The Mega 5.8 and the Mega 6.3 both run Android 4.2 and will ship globally, starting in Europe and Russia in May, Samsung said in a statement. Pricing and wireless carriers have not been announced.
The trend toward bigger screens is already well-established with Samsung and other Android phone makers. Samsung's Galaxy Note II smartphone-tablet features a 5.5-in. display, while its upcoming Galaxy S4 will have a 5-in. HD Super AMOLED display.
By comparison, the popular iPhone 5 has a 4-in.display, the first in the iPhone line with a screen of more than 3.5 inches.
Samsung also has a penchant for offering devices in a variety of sizes and form factors. Its four basic Galaxy Tabs have displays ranging from 7 to 10.1 inches.
Samsung manufactures many of its own device components, making the cost of rolling out different sizes of devices more manageable than if it relied only on third-party suppliers.
Still, the increasing sizes of the smartphones has given some analysts pause.
"How many more sizes will we have?" asked Gartner analyst Carolina Milanesi. The ideal size for one-hand usage is 4.3-in., she said, well short of what Samsung has been promoting in the past year.

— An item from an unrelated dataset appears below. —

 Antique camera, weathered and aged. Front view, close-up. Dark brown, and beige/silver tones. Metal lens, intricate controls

She said a small person can use a smartphone with a 6-in. display, but mainly as a phone "and anything more is a push."
Milanesi suggested that Samsung may be offering the Mega as an experiment to see what customers prefer.
"I am not sure Mega is anything other than an experiment to see what consumers like, but that can be an expensive experiment," she said.

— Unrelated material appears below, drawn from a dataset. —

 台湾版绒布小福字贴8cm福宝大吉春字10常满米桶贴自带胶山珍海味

It may be an experiment that Samsung can afford. The Seoul-based company sells half of all the Android phones globally, and phones running Android make up nearly 70% of the entire smartphone market globally, according to Gartner and IDC.

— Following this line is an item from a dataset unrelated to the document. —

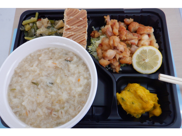 鶏ごぼう飯、唐揚げ&クリームコロッケ、かぶの煮つけ、かぼちゃサラダ、マロンケーキ、りんごジュース

But Samsung is also marketing-aware and has invested heavily in advertising its products based on market research, analysts said. "If there wasn't a market for bigger screens, the phones wouldn't sell," said Jack Gold, an analyst at J. Gold Associates. "If you look around, you can find an Android device with a smaller form factor -- just perhaps not with the latest Snapdragon or Tegra processor."
Bigger phones tend to use the newest and most expensive chips, Gold said, partly because the overall higher price paid by consumers allows it. While bigger screens make it hard for a one-handed user, they also are easier on the eyes of older users when watching video and surfing, he added. "The market is driving the device selection," he said.